KD: This is my third book about the history of mathematics, which already makes it different from most of my books where the focus was on abstract concepts and ideas, not how they were discovered. What makes it truly unique is that it’s the first book I have written that I have been in! It is a first-person account, based on a diary I kept during a research project spread over a decade.

If you had to convey the book’s flavor in a few sentences, what would you say?

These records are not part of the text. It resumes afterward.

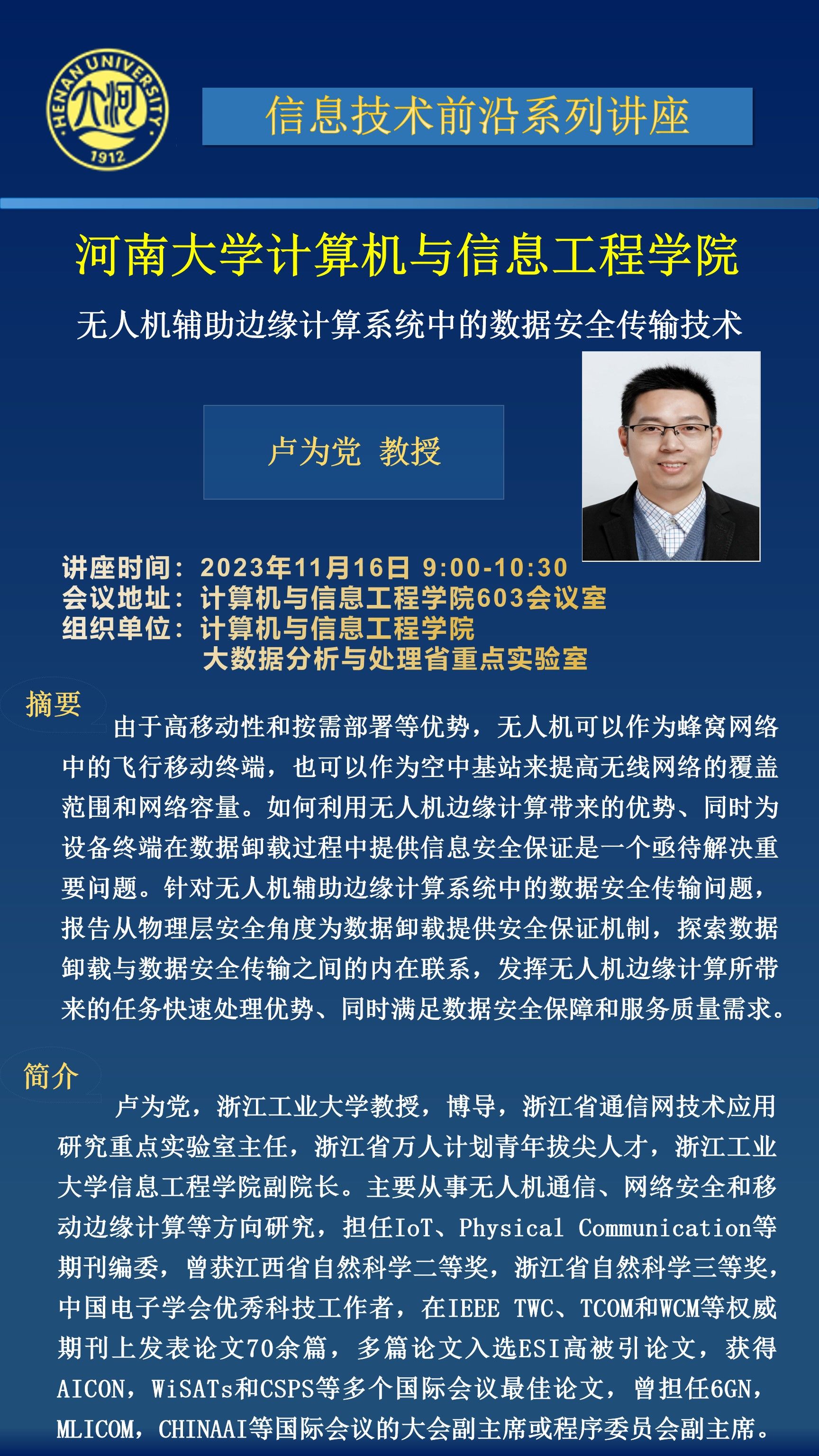 卢为党:无人机辅助边缘计算系统中的数据安全传输技术(时间:2023年11月16日)
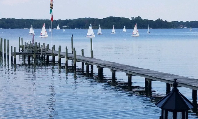 We have an open main floor with finished oak hardwood floors, gourmet kitchen with both Keurig coffee maker and regular drip coffee maker, separate laundry room with full size washer and dryer, custom built-ins in many rooms (lots of books), finished lower level with 65" Roku television. Bring your laptop and log into the internet (free WiFi) as you sit on the porch and enjoy the gentle breeze with your cool drink and watch the boats sail by. Fishing and crabbing from the middle to the end of our dock ... swimming for the kids in 2-3 feet of water (on a sandbar that goes about a third of the way out the length of the pier - at the end of the pier the depth is about 7-8 feet of water) and kayaking (2 kayaks - LL Bean Ocean Kayak Malibu Two Package and an LL Bean Single person kayak) on the river which is as wide as a lake and feeds into the Chesapeake Bay about a mile or two up. Community beach and activities ... several great seafood restaurants within 10-15 minutes.
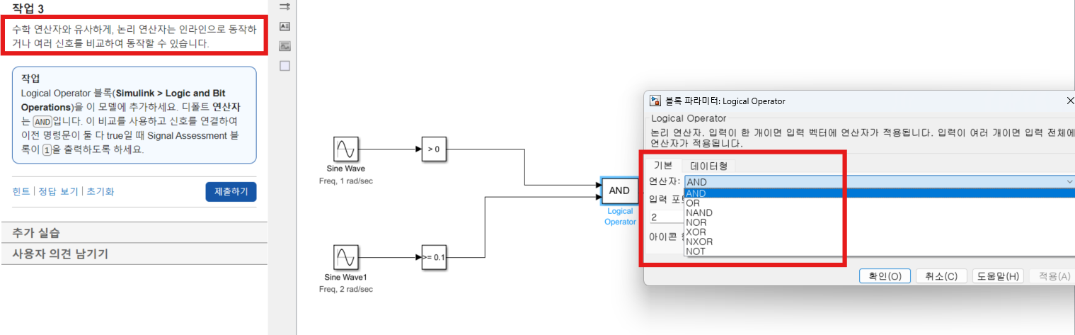논리연산을 수행하는 블록으로 파라미터로 다양한 논리 연산자를 설정할 수 있다.
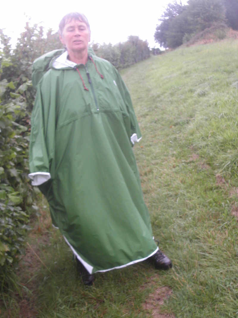 tegenkom onderweg. Overigens heb ik het genot van I-pod inmiddels ook ontdekt. Het is een feest om door een prachtig landschap te lopen met zelf gekozen mooie muziek op. Behalve aangenaam zonnig weer, waren er ook twee plensdagen. Nu weet ik zeker dat ik een fantastische aankoop heb gedaan met mijn rugzak-regenponcho! Alles blijft heerlijk droog onder zo’n ding. Die gaat in ieder geval mee. Ik twijfel nog welke loopschoenen het lekkerste zijn: de stugge goedlopende waterdichte Meindles of de soepele, maar niet waterdichte, Timberlands. De Spaanse hoogvlakte is droog en dor…maar het zal toch ook wel eens een keer regenen en echte bergschoenen heb je er niet nodig. Ik twijfel wat af over dit soort praktische vragen, die eenmaal vertrokken van levensbelang kunnen worden. Tenslot moet ik het van mijn voeten hebben. Mijn sandalen gaan zeker de rugzak in, want niets is heerlijker dan ’s avonds je voeten wat anders te gunnen. Een looptocht met rugzak noopt tot het goed afwegen van wat wel en wat niet handig en noodzakelijk is. Elke kilo minder is meegenomen. Inmiddels heb ik al heel wat verhalen gehoord van mensen die spullen achterlieten of terug naar huis stuurden. Nu heb ik al vaker een lange afstandstocht gelopen met rugzak, maar nooit langer dan een week. Het lichtgewicht tentje gaat uiteindelijk niet mee. Er zijn op de Spaanse Camino zoveel refugio’s/slaapgelegenheden dat dat echt niet nodig is. Een slaapzak neem ik wel mee omdat de voorzieningen niet altijd hygienisch zouden zijn. Een slaapmatje is misschien ook handig, hoewel hoe vaak zal ik dat nodig hebben? En is nou een petje of een hoedje beter?? In alle a
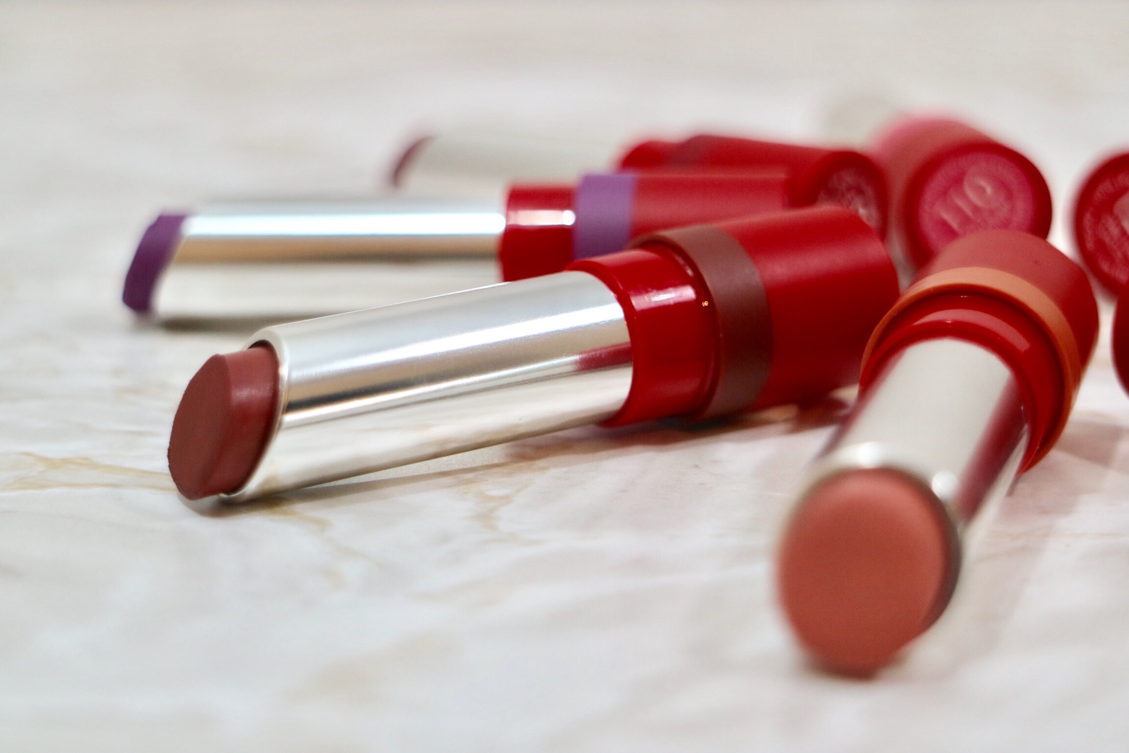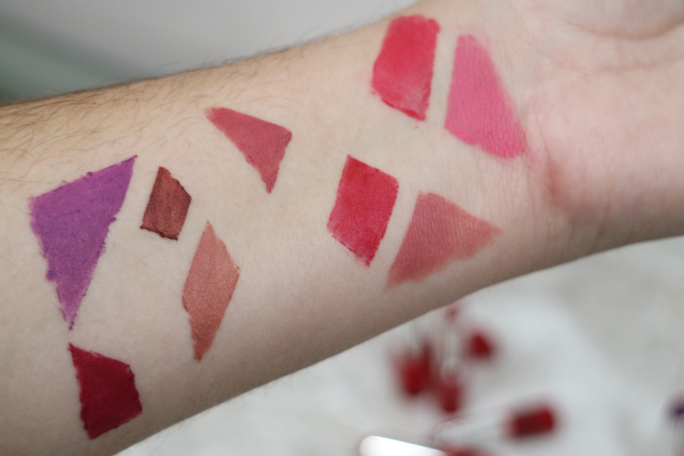Colour wise it was my perfect shade of nude, and colour payoff is good. There’s about 4 of the 9 shades that are nude/light pink and all of them have great colour payoff. It’s when I got to swatching the darker colours I found they needed to be applied more frequently and more of them applied in the first place to get a better finish. As I’m not a dark shades fan I can’t say I’ve tested these for longevity like I have the nude shades. You can kind of see it in the swatches below (running from left to right in the order of the photos below them).
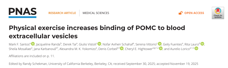 参考资料:[1]Santos MF, Randa J, Tai D, et al. Physical exercise increases binding of POMC to blood extracellular vesicles. Proc Natl Acad Sci U S A. 2025;122(51):e2525044122. doi:10.1073/pnas.2525044122
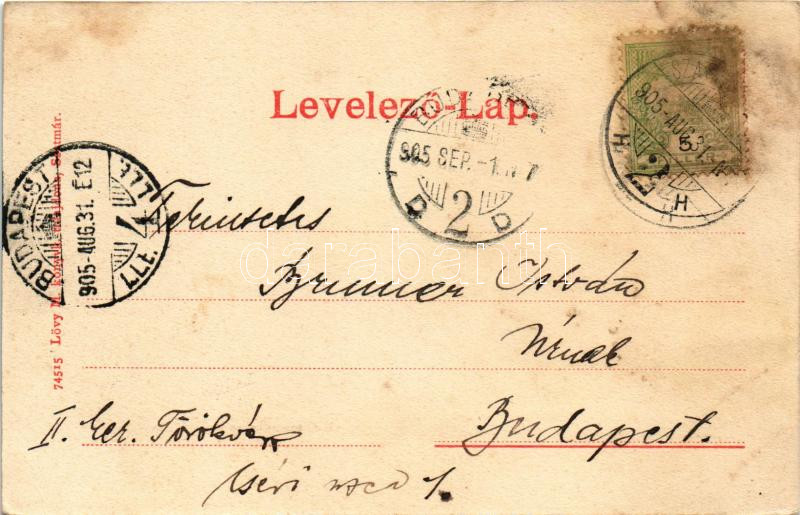 1905 Szatmárnémeti, Szatmár, Satu Mare; Református templom és gimnázium, Singer Co. varrógépek, Freund üzlete. Lövy M. kiadása / Calvinist church and school, shops (ázott sarok / wet corner)
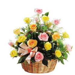When we have a dream, we wish to have a golden dream. Two dozens elegant pink and yellow roses come together with field of delicate baby's breath on plumose greenery, and the result is, a gorgeous display of golden beauty. A great way to show passion and what we really like to say.
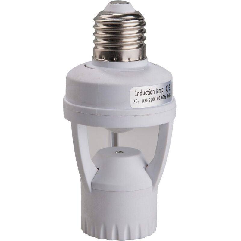 PORTALAMPADA ADATTATORE CON SENSORE DI MOVIMENTO 360 Porta lampada con rilevatore di movimento 360°Con montatura da E27 per lampadine fino ad un massimo di 60 W (si raccomanda una lampadina a risparmio energetico).Durata di accensione regolabile da circa 10 secondi a circa 5 minuti.Con interruttore crepuscolare regolabile.Per l'utilizzo in ambiente interno.Segnalatore di movimento orientabile con angolo di rilevamento massimo di 360° e raggio d‘azione massimo di 6 m.

KD: Finding Fibonacci is a first-person account of a ten-year quest to uncover and tell the story of one of the most influential figures in human history. It started out as a diary, a simple record of events. It turned into a story when it became clear that it was far more than a record of dates, sources consulted, places visited, and facts checked. Like any good story, it has false starts and disappointments, tragedies and unexpected turns, more than a few hilarious episodes, and several lucky breaks. Along the way, I encountered some amazing individuals who, each for their own reasons, became fascinated by Fibonacci: a Yale professor who traced modern finance back to Fibonacci, an Italian historian who made the crucial archival discovery that brought together all the threads of Fibonacci’s astonishing story, an American math professor who fought against cancer to complete the world’s first (and only) modern language translation of Liber abbaci, and the widow who took over and brought his efforts to fruition after he lost that battle. And behind it all, the man who was the focus of my quest. Fibonacci played a major role in creating the modern commercial world. Yet he vanished from the pages of history for five hundred years, made “obsolete,” and in consequence all but forgotten forever, by a new technology.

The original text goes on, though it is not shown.